Purpose

This document will detail gCORE’s observability stack. The topic of observability comprises:

Logging
Monitoring
Tracing

Logging and monitoring are immediate needs and are actively being worked on. When we get the point where we’re covering the basics of these two we can talk about tracing. For now, I’ll just acknowledge its inclusion in the umbrella term: observability.

NOTE: At the present time, this is document depicts a partial, work-in-progress, non-production prototype. None of this technology has been peer reviewed or approved.

Logging

NOTE: Amazon just rebranded their most recent version of ElasticSearch, OpenSearch. The quickstart link below has been updated to reflect the new cluster endpoint, but the rest of this document still references ElasticSearch Service. We will provide a more thorough scrubbing later. For now, just keep this in mind.

QuickStart

ACE OpenSearch Home

Syslogs

Topology

The image below depicts the first-pass solution for routing system logs from EC2 instances to our central logging solution. Notice that Kinesis Firehose is serving as the routing engine here, sending logs to:

ElasticSearch for analytics, visualization and more to come
S3 for long-term storage in accordance with (pending definition) retention policy

The idea here is that we might need to keep logs longer than we’ll need/want (cost/benefit TBD) them at our fingertips in ElasticSearch.

<!— image: image (from original wiki uploads) —>

Components

Component	Description
RSyslog	Default Linux syslog server. Defaults unchanged, but added stanza to forward logs to `udp://localhost:5140`
Fluentd	OSS unified logging solution with lots of great plugins, including one for Kinesis Firehose. Fluentd is receiving syslog events from RSyslog, transforming them into JSON and shipping them to Kinesis.
Amazon Kinesis Data Firehose	Receives streaming log data from our EC2 instances (via Fluentd) and loads it into AWS ElasticSearch and S3.
Amazon ElasticSearch Service w/ Kibana	ElasticSearch is an OSS, distributed, RESTful, JSON-based search engine, the AWS service version of which comes packaged with the Kibana user interface for joyful navigation of our log data.
Amazon S3	AWS’ faithful object store is used here to store a copy of all log data, providing a cost-effective long-term storage solution. The plan is to keep “hot” data in ElasticSearch for near-term use (analytics, troubleshooting, security information and event management (SIEM), etc…) while backing everything up to S3 (and eventually Glacier) to balance log management, compliance and cost management objectives.

Context

Here I want to provide a bit background to help readers understand my technology choices. Seasoned ELK Stack users in particular may be wondering why I’m using Fluentd and Kinesis rather than simply shipping logs directly to ElasticSearch via LogStash.

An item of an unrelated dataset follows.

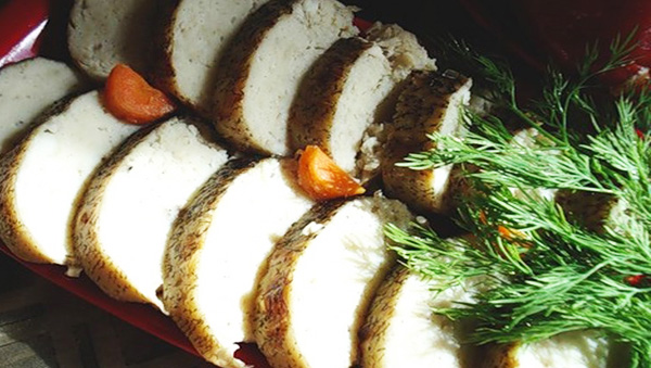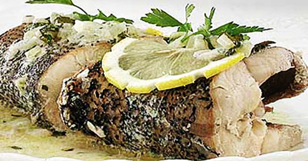Отварить в слегка подсоленной воде луковицу, нарезанные кусочками корни петрушки и сельдерея. Опустить в кипящий отвар подготовленную рыбу на 10 минут, затем шумовкой вынуть ее. Добавить в отвар по вкусу уксус, лавровый лист, гвоздику, черный и душистый перец горошком, сахар. Опустить в кипящий маринад рыбу и проварить ее еще 10 минут. Переложить рыбу в керамическую или стеклянную посуду, залить маринадом и охладить. Через сутки закуска готова. Подать с маринованными овощами, хреном.

First it’s important to note that my primary goal was to have two log event repositories: One for near-term analytics purposes and another for long-term backup purposes. I initially planned on maintaining the status quo whereby logs would continue to go to CloudWatch Logs, where they currently reside, for long-term storage. I would then implement a process for loading CloudWatch logs into ElasticSearch to improve our log management experience. And while this is a viable solution, I didn’t think it was the best one simple reason: S3 is a simpler and cheaper long-term backup solution than Cloudwatch Logs.

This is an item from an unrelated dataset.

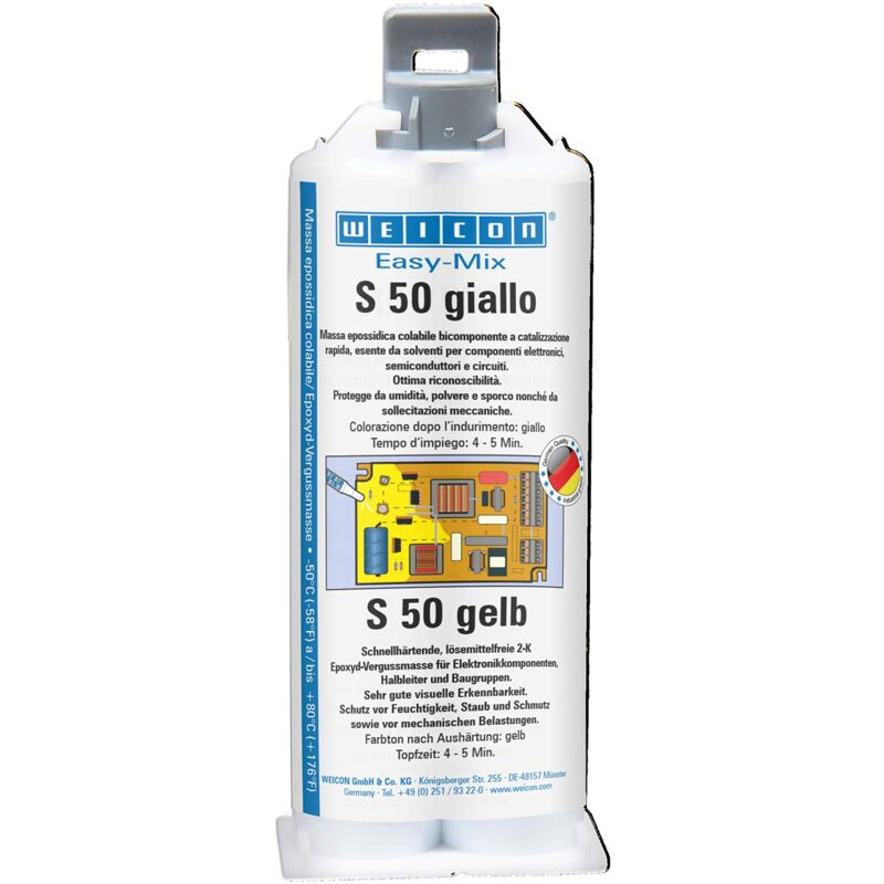 WEICON Easy-Mix S 50 giallo, a polimerizzazione rapida, sigillante epossidico bicomponente a 2 componenti senza solventi CARATTERISTICHE WEICON Easy-Mix S 50 yellow è un sigillante altamente reattivo che può essere usato anche come adesivo grazie alla sua forte adesione e alla rapida polimerizzazione. Il sistema di resina epossidica è viscoso, autolivellante e polimerizza rapidamente e resistente agli urti. Il composto di colata ha un'elevata adesione e una breve durata in pentola, che è di 4-5 minuti. Il composto aderisce molto bene a una grande varietà di superfici, come metallo, plastica, plastica rinforzata con fibre di vetro, legno, vetro, ceramica e pietra. APPLICAZIONE Easy-Mix S 50 giallo è adatto per applicazioni in diversi settori, come lavori di colata nell'elettrotecnica e nell'industria elettronica, per collegamenti di cavi di colata, per lavori nella tecnica di isolamento, nella costruzione di metalli, nella costruzione di container e apparecchi, nella costruzione di

So with Cloudwatch Logs now replaced with S3, I needed a solid solution for routing logs to two destinations:

ElasticSearch for near-term analytics.
S3 for cost-effective, long-term backup.

Amazon’s recommended solution for preparing and loading real-time data streams into data stores and analytics services is Kinesis so given my inherent bias for leveraging Amazon services for business critical tasks, I decided to go with it.

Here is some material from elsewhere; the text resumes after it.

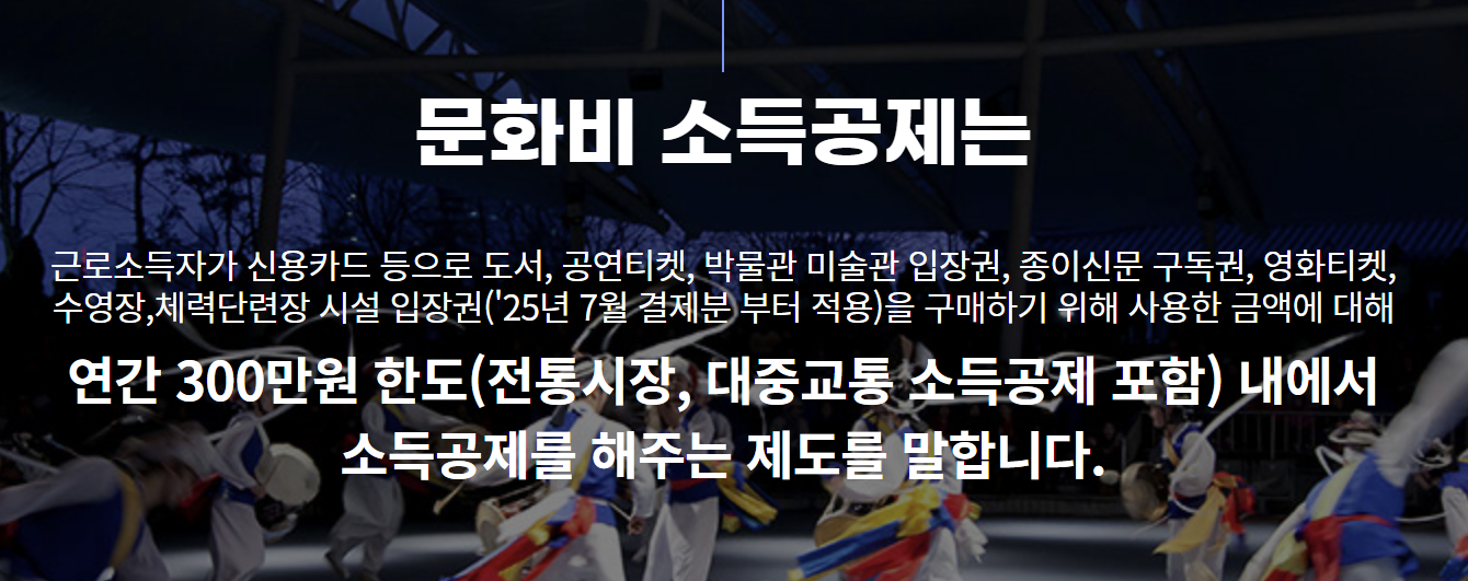 다양한 문화활동 지출에 대한 문화비를 연말정산 시 공제를 받을 수 있습니다.

Now, it’s true that I could (and still can) forego Kinesis in favor of LogStash and leverage its output plugins to ship to both ElasticSearch and S3, but I made the decision to try Kinesis for this purpose so that’s where I’m at.

At that point, it was just a matter of picking the agent for shipping logs from our instances to Kinesis. Amazon provides their own Kinesis Agent, but OS packages for distros other than Amazon Linux are hard to come by so I opened myself up to simpler alternatives. That’s when I discovered that Fluentd has a Kinesis plugin. Fluentd has also been growing in popularity over the past few years, has tremendous community support and momentum, is operationally simpler (and likely more performant (TBD)) than AWS’ agent and has a robust plugin library that we can leverage to satisfy other requirements down the road. Simply put: Fluentd is an absolute joy to work with so it’s an easy pick over Amazon’s agent.

Okay, hopefully that provides folks with answer to their “Why did you go with that” questions. If any remain or anyone wants to challenge any of my assumptions or conclusions please do so. It’s still just a prototype. Performance testing may lead me to change some of my decisions here and I’m perfectly fine with that.

RSyslog Configuration

RSyslog is part of our base Linux configuration. Updating it to route logs to Fluentd is just a matter of adding one line to the configuration and restarting the service

# Send log messages to Fluentd
*.* @127.0.0.1:5140

For POC purposes, I’ve added this line to the end of /etc/rsyslog.conf. If we decide to go into production with this, I will instead configure Ansible to push out a dedicated file (e.g /etc/rsyslog.d/fluentd.conf) which RSyslog will include thanks to this included stanza in the default configuration file.

# /etc/rsyslog.conf
# Include all config files in /etc/rsyslog.d/
#
$IncludeConfig /etc/rsyslog.d/*.conf

Fluentd Configuration

New Fluentd users will immediately look to install the community version of Fluentd and that’s fine for those who are willing to trade operational simplicity for bleeding edge features. For those who, like me, want something stable and nicely packaged, use td-agent. Visit their FAQ page for an explanation of the difference along with links to the various OS packages they provide.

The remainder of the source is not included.